Auch dieser Gorilla, er drückt seinen Fuß gegen die Gitterstäbe und lässt sich von seinem Pfleger die Fußsohle kitzeln. Auf diese Art, also durch Kitzeln, konnten etwa 800 unter gleichen Bedingungen entstandene Lach-Laute von Menschenbabys und Menschenaffen aufgezeichnet, vermessen und verglichen werden. Auffällig war zunächst einmal, dass wir stimmhaft lachen

Lachendes Baby

… während die Lachlaute beim Orang-Utan …

Orang-Utan-Lachen

…und beim Gorilla …

Gorilla-Lachen

stimmlos und gehechelt sind. Die Schimpansen lachen auch beim Ein- und Ausatmen, doch treten hier stimmhafte Elemente hinzu

Schimpansen-Lachen

Die Schimpansen stehen dem Menschen genetisch gesehen verwandtschaftlich näher als Gorillas oder Orang-Utans.

Die Forscher haben nun das Lachen mit der genetischen Verwandtschaft verglichen. Elke Zimmermann:

"Das heißt, wenn wir Lautähnlichkeiten vergleichen zwischen Menschenaffen und dem Menschen, da haben wir ganz überraschend festgestellt, ja, es sieht vollkommen gleich aus: Lautähnlichkeiten reflektieren praktisch die Verwandtschaftsähnlichkeiten, die man aufgrund von molekulargenetischen Untersuchungen genau weiß."

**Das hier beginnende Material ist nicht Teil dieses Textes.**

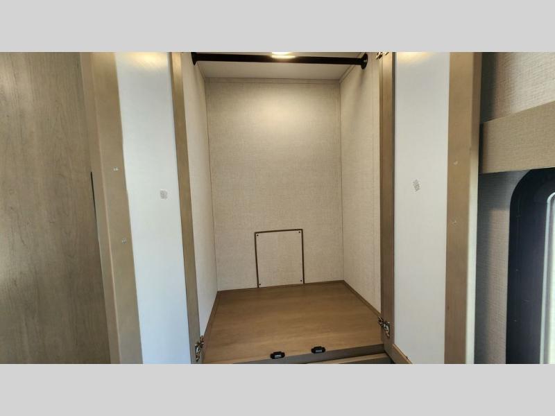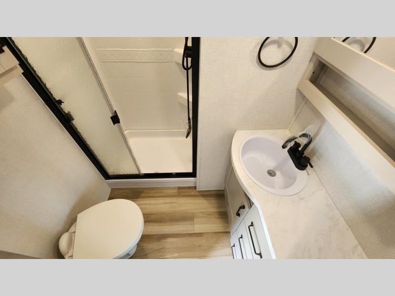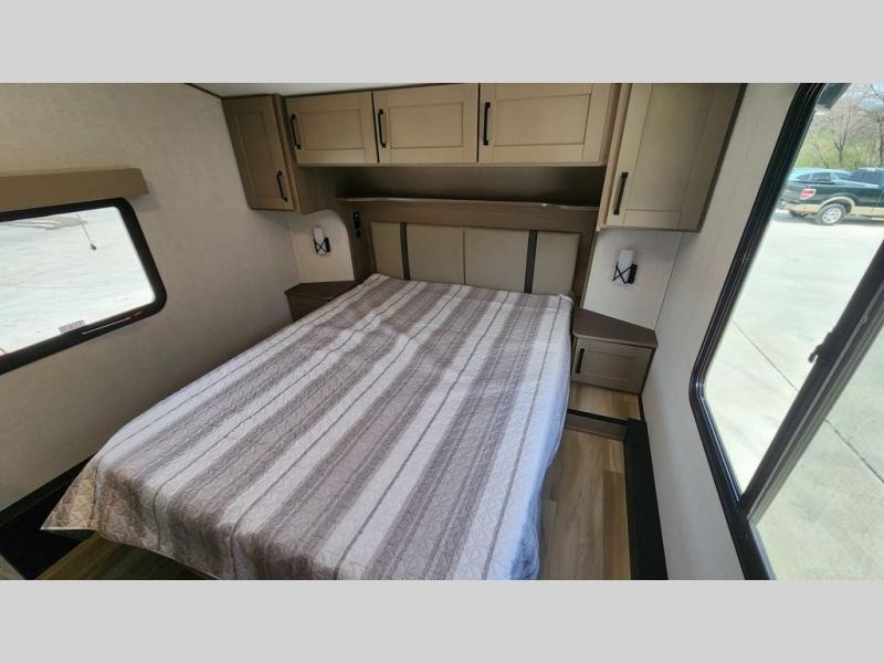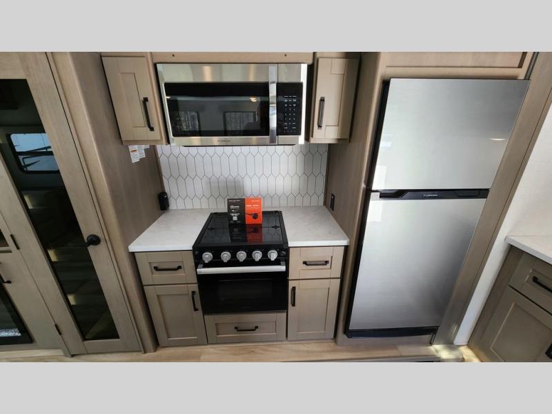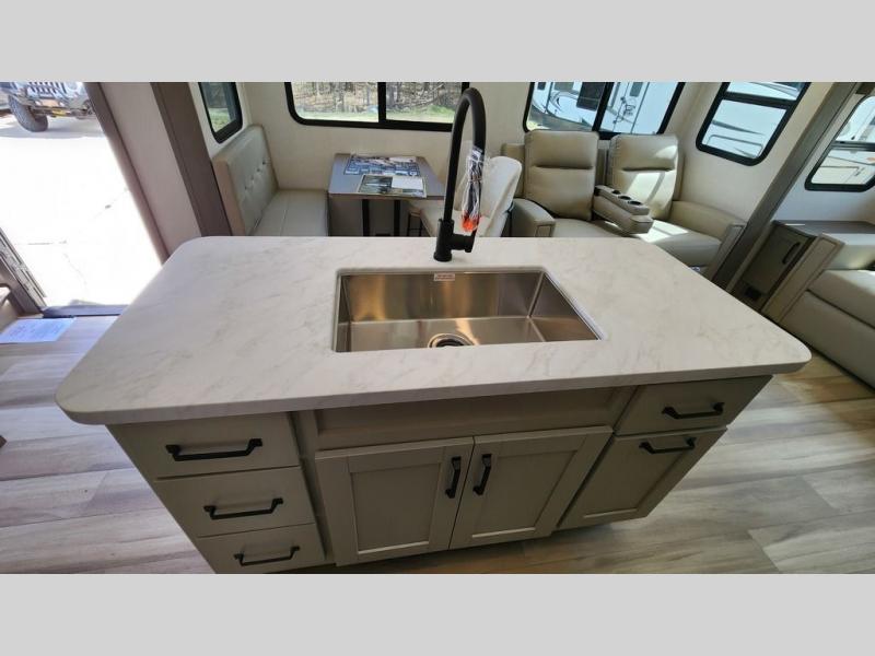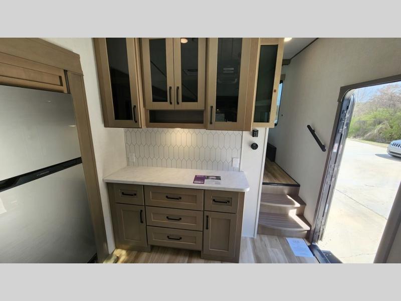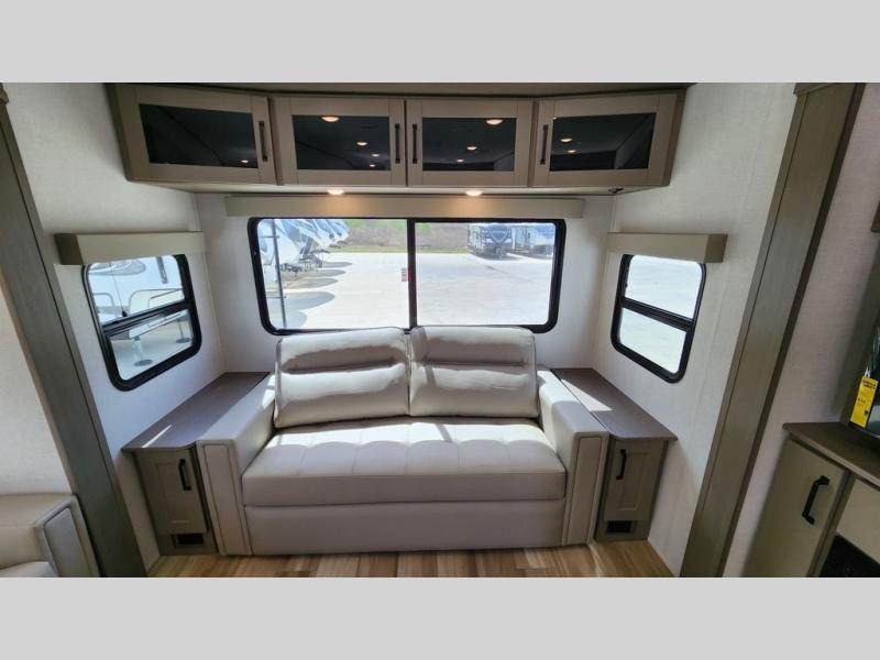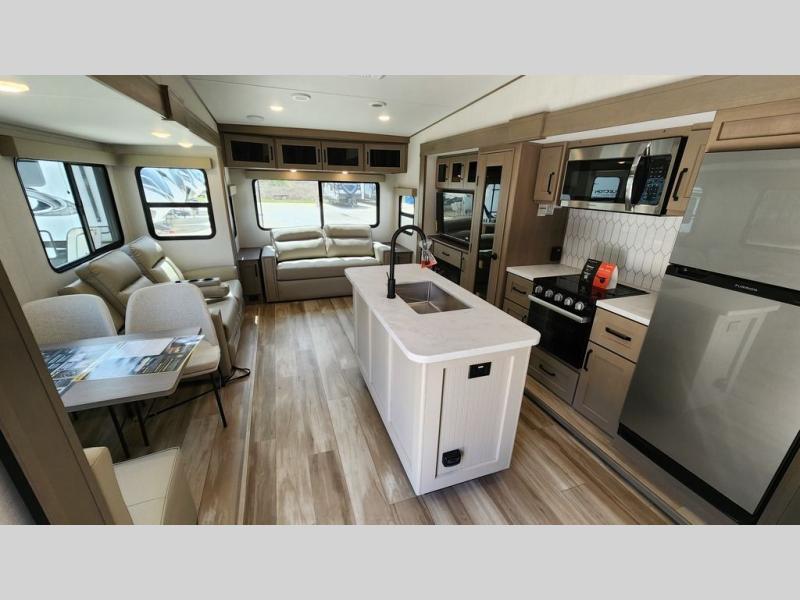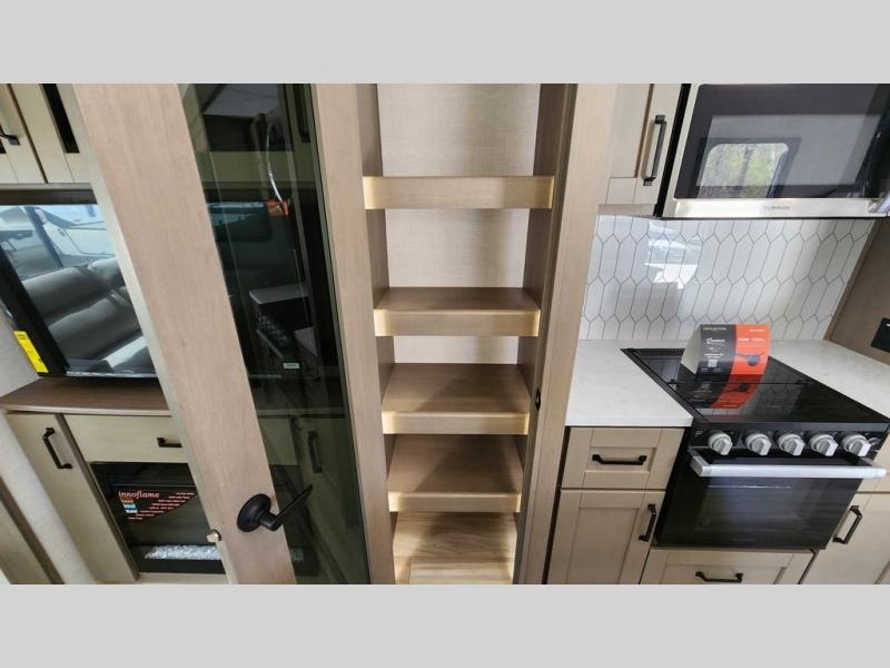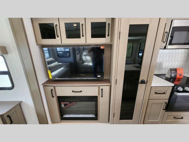Get ready to enjoy everything the campgrounds and surrounding area has to offer when you are setup to camp in this fifth wheel! The two electric awnings offer protected areas creating outdoor living spaces; just grab your camping chairs from the unobstructed pass-through storage. And the interior offers a spacious living area and kitchen combination with dual opposing slides for maximum space. You can sit on the tri-fold sofa or the booth dinette with an option for a swivel dinette. The hutch and kitchen island offer counter space to prepare and serve meals, and there is a large pantry for goodies. The 40" LED HDTV with a fireplace below provides entertainment before bedtime or on a rainy day. And the front bedroom offers privacy, a walk-around queen bed, and plenty of storage!

Das heißt: Je näher eine Affenart mit dem Homo sapiens verwandt ist, desto ähnlicher wird das Lachen. Während Orang-Utans und Gorillas kaum hörbar kichern und keckern, klingt es beim Schimpansen und Bonobo manchmal bereits menschentypisch melodiös.

Bonobo Lachen

Aus der Gemeinsamkeit lässt sich ableiten, dass Menschen und Menschenaffen einen gemeinsamen, bereits lachenden Vorfahren hatten, der vor etwa 10 bis 16 Millionen Jahren lebte.

"Und dann gibt es graduelle Veränderungen, die dann zum Orang-Utan beziehungsweise zum Gorilla, zum Schimpansen, zum Bonobo beziehungsweise zu uns geführt haben."

In Hagenbecks Tierpark in Hamburg sind einige dieser uns nahen Verwandten zuhause. Eine Familie der stark gefährdeten Orang-Utans lebt seit mehreren Genrerationen hier, das jüngste Mitglied ist zwei, das Älteste 48 Jahre alt. Früher war ihr Pfleger Claus Claussen oft bei ihnen und hat sie auch mal gekitzelt. Aus Sicherheitsgründen passiert das heute nur noch in Ausnahmefällen.

"Ich erinnere mich an einen, Shui, der lebt jetzt in Budapest seit vier Jahren, der war damals so sieben, acht Jahre alt, der hat sich immer gerne kitzeln lassen. Der hat immer probiert, dass so’n bisschen zu unterdrücken, seine Geräusche (macht nach). So nach dem Motto will ich nicht, also wollt schon ... Was für Geräusche da raus kamen, das war halt minimal, das war so’n , schwierig zu sagen. Aber kein typisches menschliches Lachen, aber irgendwas haben die schon von sich gegeben."

Doch manchmal hilft auch gekonntes Kitzeln nichts, wie Elke Zimmermann und ihr Team herausfinden konnten:

"Bei Orang-Utans gibt es durchaus auch Affen, die nicht gelacht haben. Die haben zwar die Mimik gezeigt, aber die Mimik nicht durch Vokalisationen unterlegt. Bei Schimpansen und Bonobos war es so, dass dort Kitzeln eigentlich regelmäßig zu Vokalisationen führt. Es könnte sein, dass das bei Orang-Utans tatsächlich noch nicht so ritualisiert ist, noch nicht so zum Spiel mit dazu gehört, wie das schon bei Bonobos und Schimpansen ist."

Ob Schimpanse oder Orang - dass unter Menschenaffen gelacht wird, hat das Team um Elke Zimmermann bewiesen. Nun gehen die Forscher der Frage nach, inwieweit das Lachen auch zielgerichtet eingesetzt wird. Zum einen will man natürlich herausfinden, was uns Menschen vom Affen unterscheidet, aber auch, wie viel Affe in uns steckt.